A generous and talented family friend recently completed an oil painting of Ellie. We were honored to receive such a wonderful gift particularly knowing the time and effort that went into it. She painted from a photo, but met Ellie in person a few times to study her color and muscle tone. I also know that over ten thousand brush strokes went into recreating the grass!


----------



## JasonG (Feb 24, 2014)

That's a great looking portrait for a great looking dog. I'd bet a few people on this forum would be willing to compensate your friend for a portrait of their V.


----------



## mlwindc (Feb 8, 2013)

What a lovely tribute!


----------



## texasred (Jan 29, 2012)

That's such a wonderful gift. Ellie is a good looking subject.


----------



## FLgatorgirl (Mar 11, 2013)

Goofy puppy barked at her own portrait when she woke up from her nap today. I had just hung it in place of another painting. She notices EVERYTHING .


----------



## Darcy1311 (May 27, 2012)

This is a portrait I had done of Darcy last year by a local artist....it's such a true likeness
in fact it was so good I even got the tattoo.........


----------



## harrigab (Aug 21, 2011)

stunning paintings!! I want one ;D


----------



## Darcy1311 (May 27, 2012)

Which one my friend portait or tattoo, the portrait was less painful..LOL.
I had the portrait done by Robert Shirt.a Barsley artist..if you Google his name, it gives all the details.
that portrait is coloured pastels 16x12 inch and cost less than £100..


----------



## harrigab (Aug 21, 2011)

Darcy1311 said:


> Which one my friend portait or tattoo, the portrait was less painful..LOL.
> I had the portrait done by Robert Shirt.a Barsley artist..if you Google his name, it gives all the details.
> that portrait is coloured pastels 16x12 inch and cost less than £100..

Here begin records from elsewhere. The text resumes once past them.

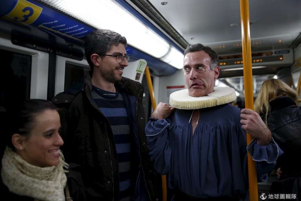 烏加德(Ivan Ugalde)正在表演著名西班牙作家賽凡提斯(Miguel de Cervantes)的小說片段,賽凡提斯是西班牙現代文學之父,最知名的作品就是描寫瘋癲騎士的《唐吉訶德》。法可托莉亞劇院(Factoria Teatro)為了紀念賽凡提斯過世 400週年,在捷運上表演德賽凡提斯的小說片段給乘客看。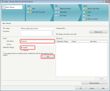 Enter 'Everyone' for [User Name] under [Owner] → select [Shared] for [Destination Range] → click [Add].
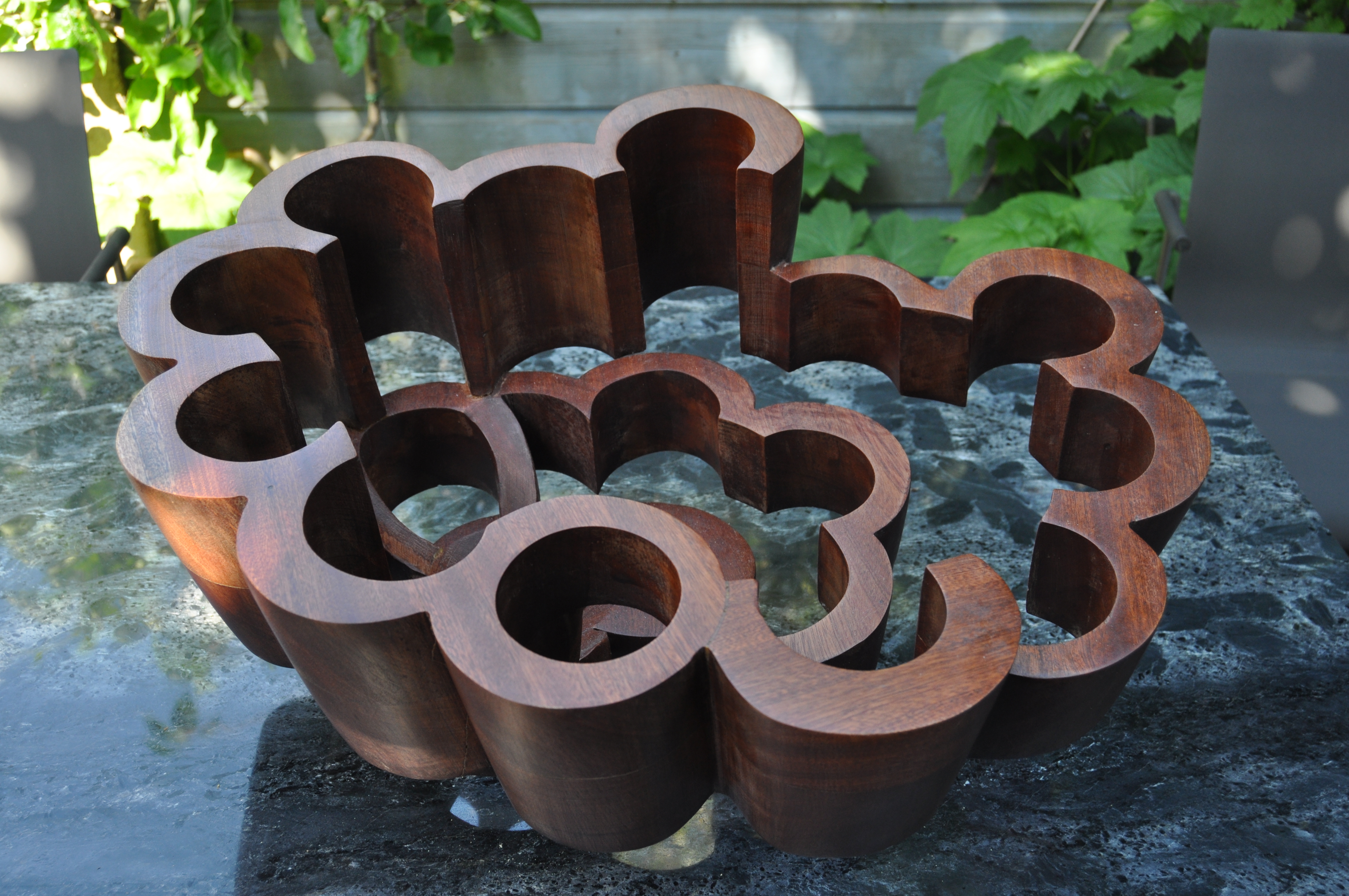 Nimbus is opgebouwd uit drie lagen Sipo mahonie. De ronde vormen zijn conisch uitgezaagd onder een hoek van 72,5 graden.

not a tattoo fella ha ha, I don't "do" pain ;D


----------



## FLgatorgirl (Mar 11, 2013)

Darcy1311,

I like the head shot portrait. Our artist saw this particular photo of Ellie on my husband's phone and wanted to paint it for us as a gift. There are other shots that I might have considered instead, but considering this was her choice and a gift, I did not want to seem ungrateful or potentially upset an artist's sensitive temperament . Her paintings often sell for between $5-15,000 and she only paints what moves her at the time, rarely takes commissions. I figured if this particular image inspired her, then it was the right one. It did come out beautiful and I think it captures Ellie perfectly. 

I learned something interesting while stopping in to see the painting in progress. If viewed from a bit further away, say maybe ten feet or further, the painting becomes almost photo realistic. Up close, it is good, but it really changes at distance.


----------



## cooperman (Oct 26, 2010)

Darcy that ink is amazing, how long ago did you have it done? We are rotherham so barnsley not far to go, you obviously recommend him?


----------



## Darcy1311 (May 27, 2012)

cooperman said:


> Darcy that ink is amazing, how long ago did you have it done? We are rotherham so barnsley not far to go, you obviously recommend him?



The portrait of Darcy was done Christmas 2012, by Robert Shirt in Barsley.....I had the tattoo done last September by Mick Tommo, Ruby Arts York, both great artists.......glad you like..


----------



## Iwantavizsla (Apr 15, 2014)

Beauty


----------